DU Dandan, LI Yan, CHENG Yuanyuan, ZHONG Lili, ZHOU Xianke, HUANG Jinping. A randomized controlled study on the safety and efficacy of ultrasound-guided cannula needle for puncturing difficult autogenous arteriovenous fistulasJ. Journal of Clinical Medicine in Practice, 2026, 30(2): 121-126. DOI: 10.7619/jcmp.20252448
Citation: DU Dandan, LI Yan, CHENG Yuanyuan, ZHONG Lili, ZHOU Xianke, HUANG Jinping. A randomized controlled study on the safety and efficacy of ultrasound-guided cannula needle for puncturing difficult autogenous arteriovenous fistulasJ. Journal of Clinical Medicine in Practice, 2026, 30(2): 121-126. DOI: 10.7619/jcmp.20252448

A randomized controlled study on the safety and efficacy of ultrasound-guided cannula needle for puncturing difficult autogenous arteriovenous fistulas

  • Objective To investigate the application effect of ultrasound-guided puncture technique combined with plastic cannula needle in treating difficult autogenous arteriovenous fistula (AVF).
    Methods A total of 120 patients with difficult AVF were randomly divided into Group A (blind puncture with metal needle), Group B (ultrasound-guided puncture with metal needle), Group C (blind puncture with cannula needle), and Group D (ultrasound-guided puncture with cannula needle), with 30 cases in each group. The success rate of first-attempt puncture, time of hemostasis, incidence rate of hematoma, dialysis blood flow, urea clearance index (Kt/V) value, and the incidence of fistula complications (stenosis, thrombosis) within 6 months were compared among the four groups.
    Results There were no significant differences in baseline characteristics such as age, gender, body mass index (BMI), prevalence rates of diabetes and hypertension, dialysis vintage, AVF usage time, and laboratory indicators (hemoglobin, serum creatinine, etc.) among the four groups (P>0.05).

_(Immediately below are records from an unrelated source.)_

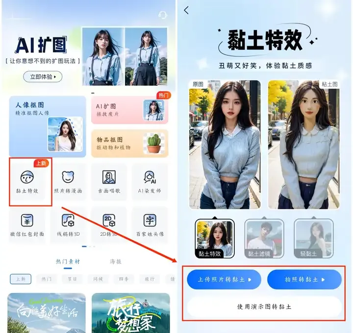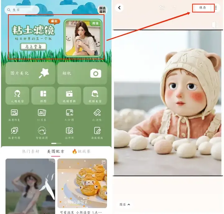 美图秀秀也可以使用粘土滤镜了,打开美图秀秀,点击首页的粘土滤镜,可以限时免费使用,自己搜的美图配方大部分需要会员,进入之后上传图片,再选择一个喜欢的滤镜,稍等片刻就能生成了,最后点击保存即可。
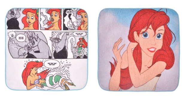 手帕有動畫版愛麗兒、愛麗兒&烏蘇拉漫畫兩款,其中,漫畫款讓人看了立馬回憶湧現,是經典的「愛麗兒以聲音交換雙腿」的那一幕!
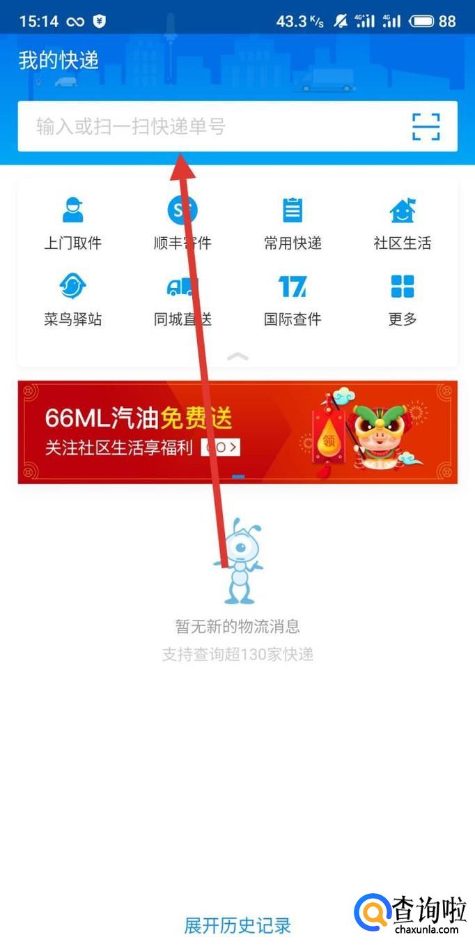 进去以后,点击图示位置输入申通的快递单号。
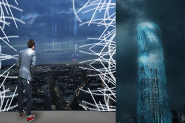 Небоскреб Strawscraper покрыто волосами, которые могут использовать энергию ветра. Здание выглядит, как будто лежит на дне моря, с его длинной ветреницей, как волосы, но его технология прочно посажены на твердую землю в будущем.
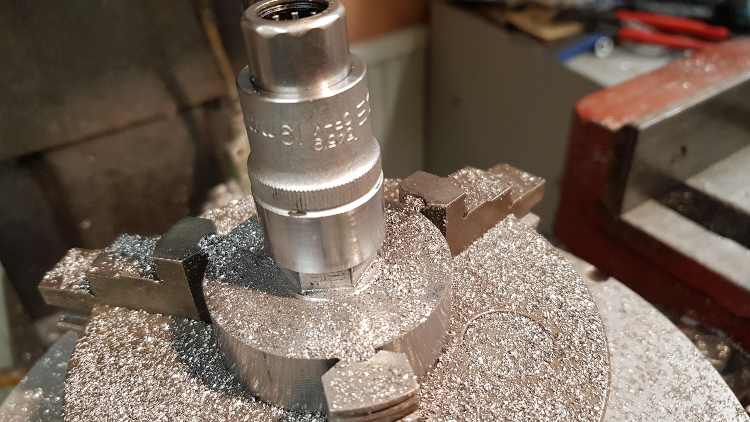 Svarvade till ena änden av det som ska sitta på svänghjulet ikväll.
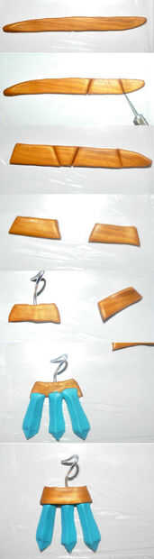 La arcilla del polímero del rodillo en una hoja y cortar varias forma trapezoidal, que se utilizarán para mantener las joyas.
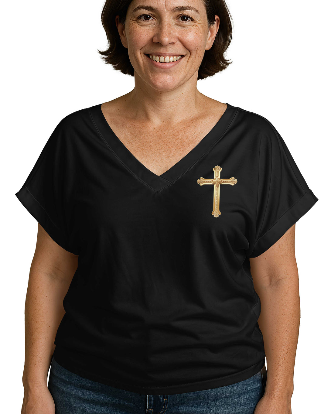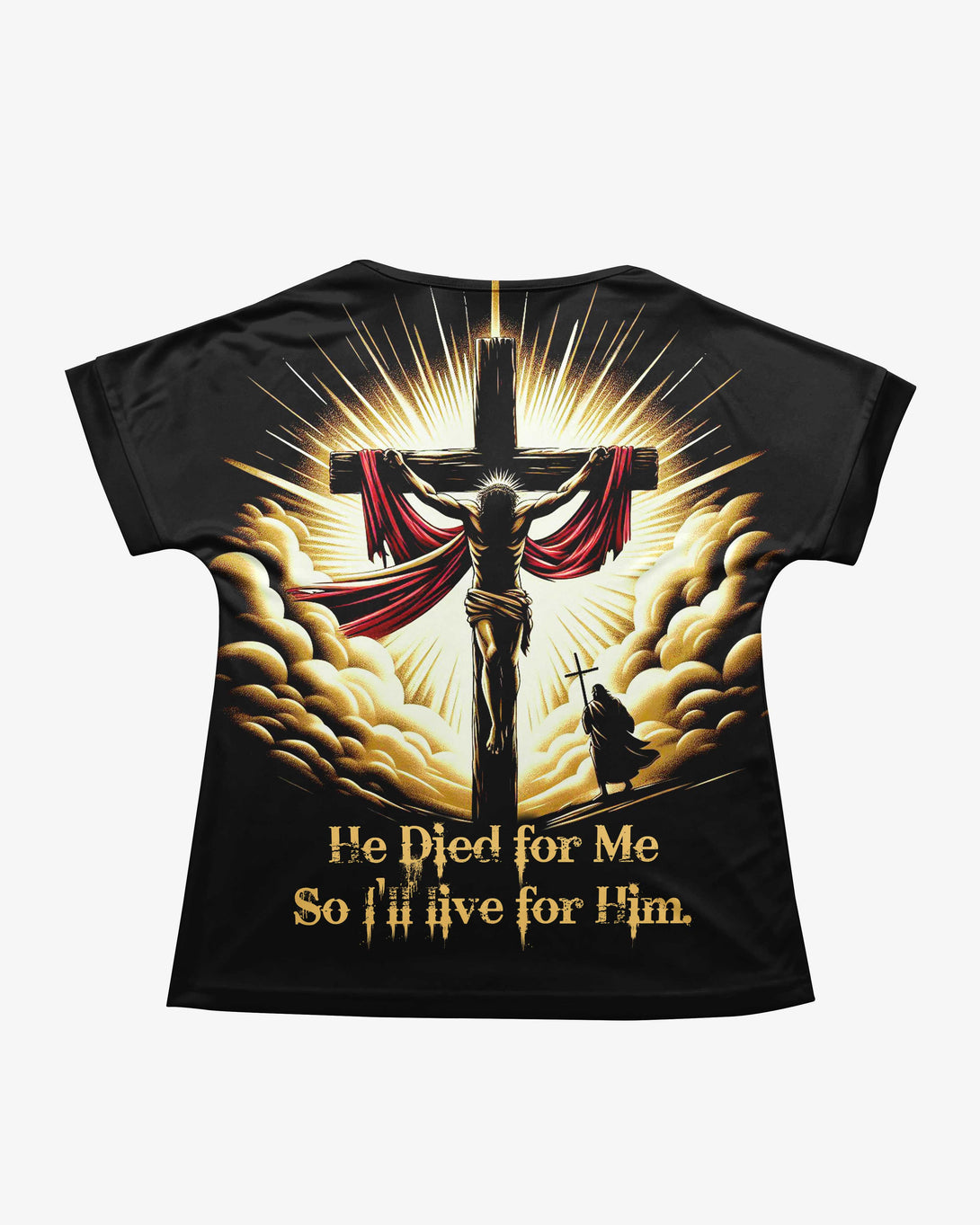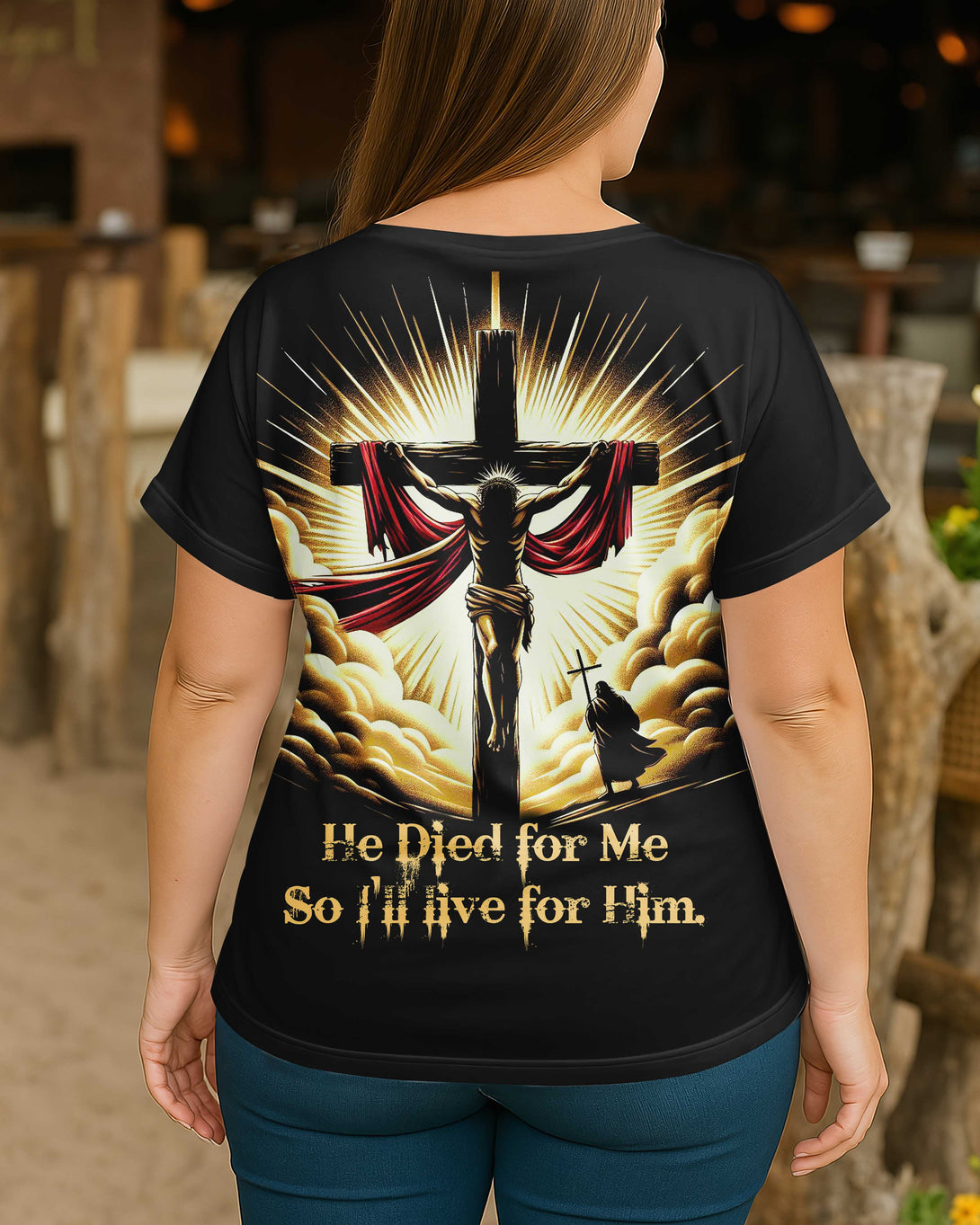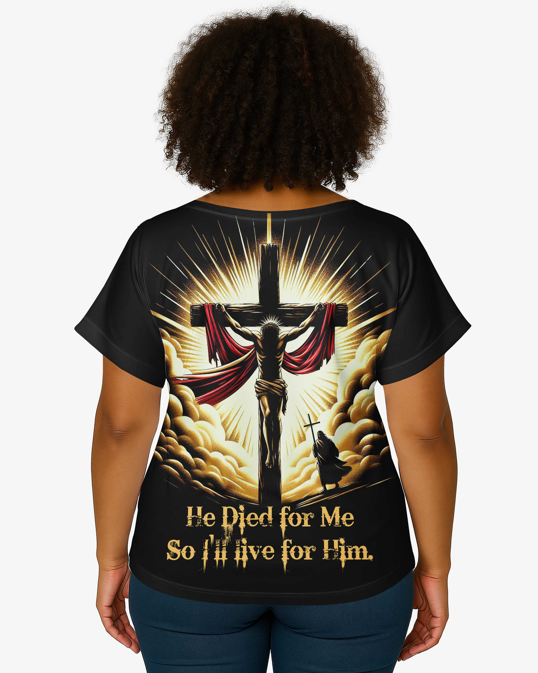 As He Lived For Me So I'll Live For Him All Over Print V-neck Dolman Sleeves Shirt
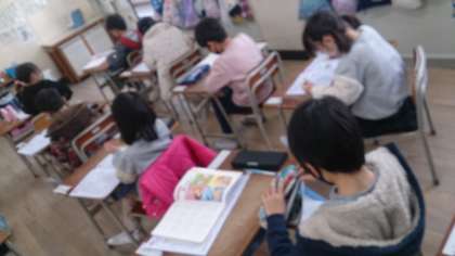 100までのかずのけいさんの復習をしています。ドリルで練習問題に取り組んでいます。
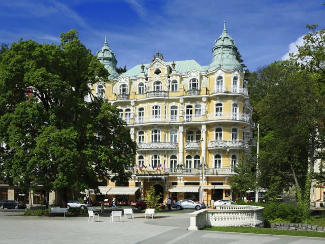 Das OREA Spa Hotel Bohemia Mariánské Lázně bietet seinen Gästen die perfekte Kombination aus historischem Charme und modernen Wellnesseinrichtungen. Das Hotel befindet sich im Zentrum von Marienbad und ist nur einen kurzen Spaziergang von der berühmten Kolonnade und den Heilquellen entfernt. Genießen Sie erholsame Massagen und kurative Anwendungen oder entspannen Sie in der Sauna. Das hoteleigene Restaurant verwöhnt Sie mit einer Vielzahl von köstlichen tschechischen und internationalen Gerichten.
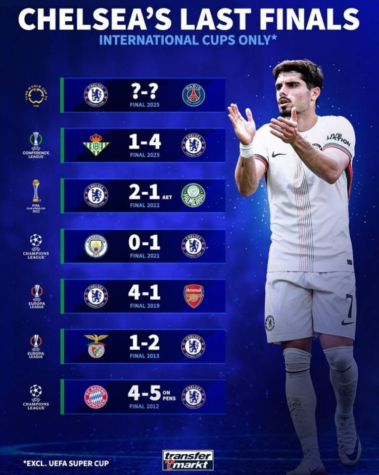 直播吧7月12日讯 世俱杯决赛将在巴黎与切尔西之间展开,德转也盘点了切尔西近6次国际杯赛决赛的全胜表现(不包括欧洲超级杯):
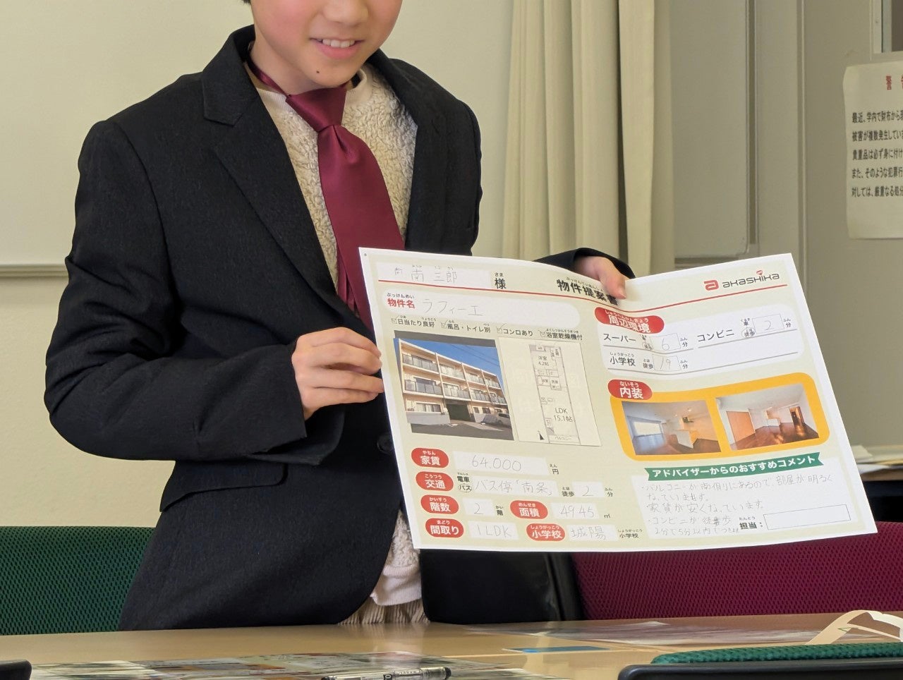 賃貸物件の選定から提案を体験し、仕事の楽しさや大変さを学ぶ貴重な機会に
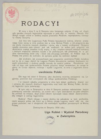 Rodacy! / Liga Kobiet i Wydział Narodowy w Zwierzyńcu. - [Miejse nieznane : wydawca nieznany], VIII 1916. - [1] karta (1 strona.) ; 28x20 cm.
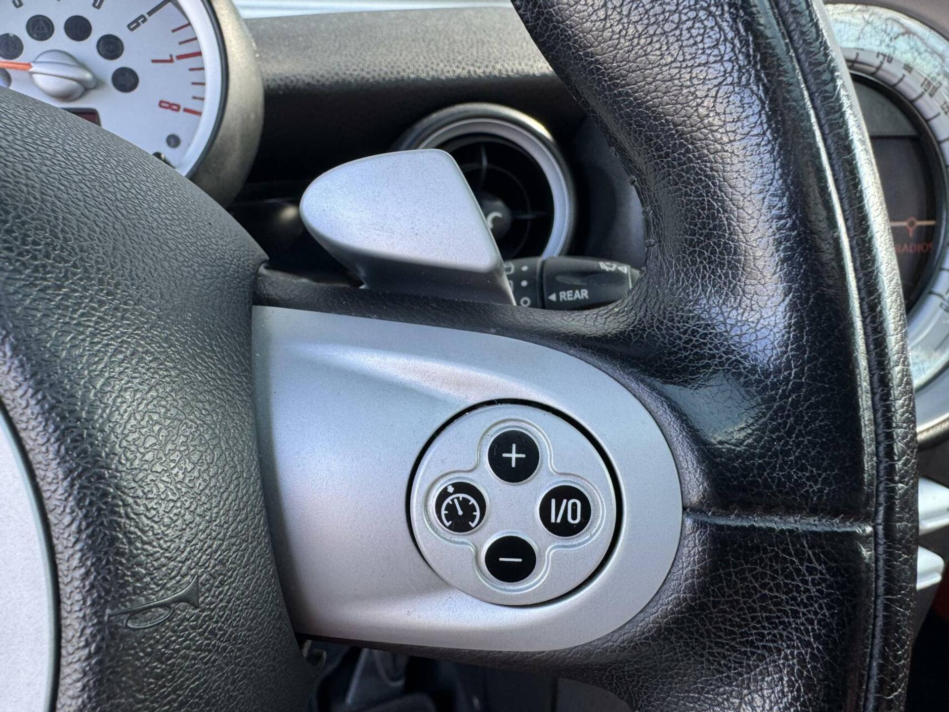 Of het buiten nu warm is of koud, dankzij automatische airconditioning is het binnen altijd behaaglijk. Alle audioknoppen letterlijk onder handbereik: dat kan met de audiobediening op het stuur. Boem is ho? Niet bij deze Mini Mini. De piepjes van de parkeersensoren waarschuwen je op tijd voor obstakels. Kleine ritjes, grote reizen - altijd een relaxte aankomst dankzij de cruise control. Met buitentemperatuurmeter, lederen stuur, isofix-aansluiting, centrale deurvergrendeling met afstandsbediening en boordcomputer is deze Mini helemaal compleet.
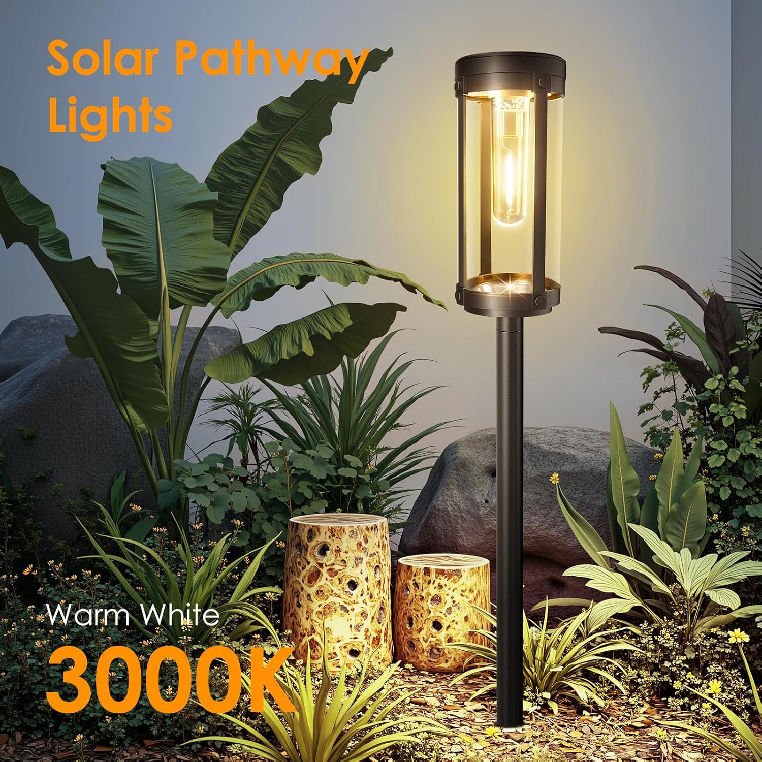 • Unique & Elegant Design: Compact Size for women easily hand-held. The solar lights outdoor waterproof feature warm white tungsten filament bulbs placed within high transparency, thicker lampshades. Long window for light - simple design, makes our solar yard lights brighter and more durable. Flexible height- decent quality is great for a path border or background. These walkway solar lights for outside can project unique light and shadow, creating a romantic and warm atmosphere for your home
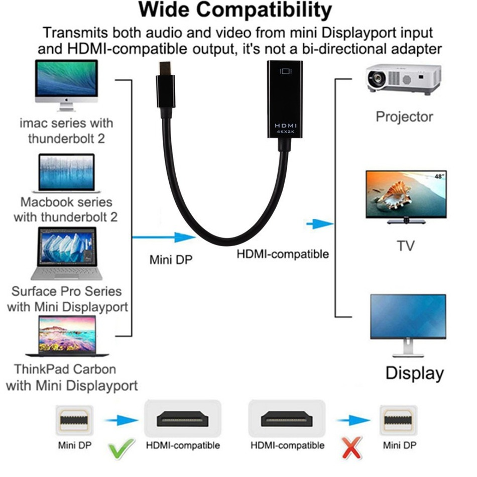 Совместим с HDMI 2,0, этот адаптер Mini DisplayPort 4K к HDMI обеспечивает четкое изображение в вашей цифровой жизни.
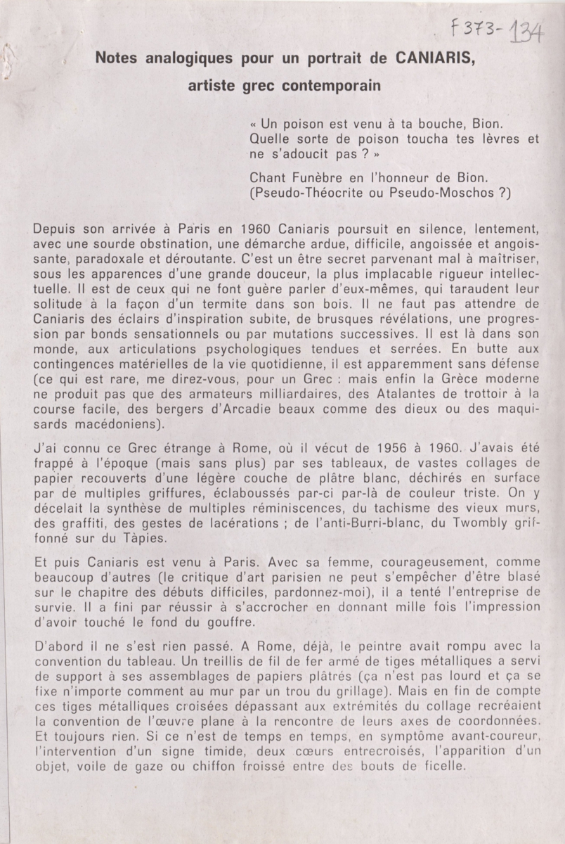 Φωτοαντίγραφο, χαρτί, 3 φφ, 21×15 εκ., στα γαλλικά, δημοσίευσης κειμένου για τη ζωή και το έργο του Βλάση Κανιάρη. Γίνεται ιδιαίτερος λόγος για τα ‘Περιβάλλοντα’ του καλλιτέχνη.
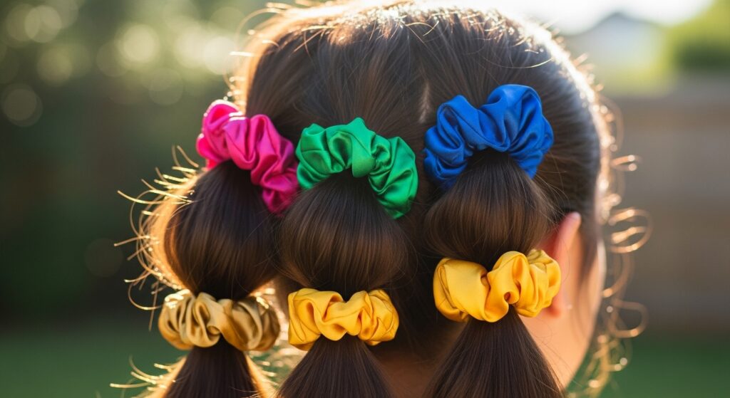 Use a large, fabric scrunchie as the base elastic. After you make each bubble, you can slide another coordinating scrunchie in between for a pop of color and texture.
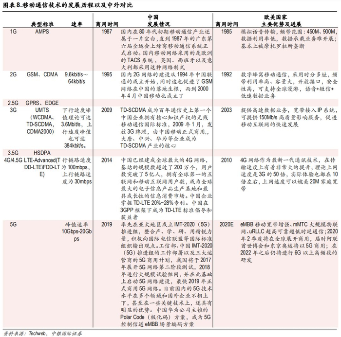 移动通信技术大致10年左右一个生命周期,目前全球范围来看均处于5G新周期初期。从之前几代移动通信技术的迭代历程看,技术生命周期大致为10年左右。1G时代开启于1985年,只能传输模拟语音;2G开始进入了数字通讯年代,国际上2G使用周期从1992到2002年左右,也是大概10年周期,我国的2G网大概从95年左右才算是正式开始普及; 3G开始进入了移动数据时代,国际上3G使用周期是2002到2013年左右,也是10年生命周期,我国进入3G时代较晚,为等自主研发的TD-SCDMA上线3G从2008年北京奥运才开始试商用;4G开创了高速移动互联网时代,平均每户每月上网流量DoU达到5G,国际上4G使用周期是2010至今,国内则是2013年年底至今。当前时点全球均处于5G新周期初期,中国目前是5G新周期最先的一批进入者。

Significant differences were observed among the four groups in puncture success rate, time of hemostasis, incidence rate of hematoma, dialysis blood flow, Kt/V value, shear stress, and the incidence of complications (fistula stenosis, thrombosis) within 6 months (P < 0.05). Pairwise comparisons of various indicators among the four groups, after Bonferroni correction, revealed that there were significant differences between Group D and Group A in multiple indicators such as success rate of puncture, time of hemostasis, and blood flow (Pcorrected < 0.01). Some indicators showed significant differences between Group D and Group B, as well as between Group D and Group C before correction, but these differences did not reach the significance threshold after correction. Only the Kt/V value between Group B and Group D showed a significant difference after correction (Pcorrected < 0.01).
    Conclusion The ultrasound-guided puncture technique combined with cannula needle can significantly improve the success rate of puncture for difficult AVF, reduce complications, optimize hemodynamic indicators, and improve dialysis adequacy, demonstrating clinical promotion value.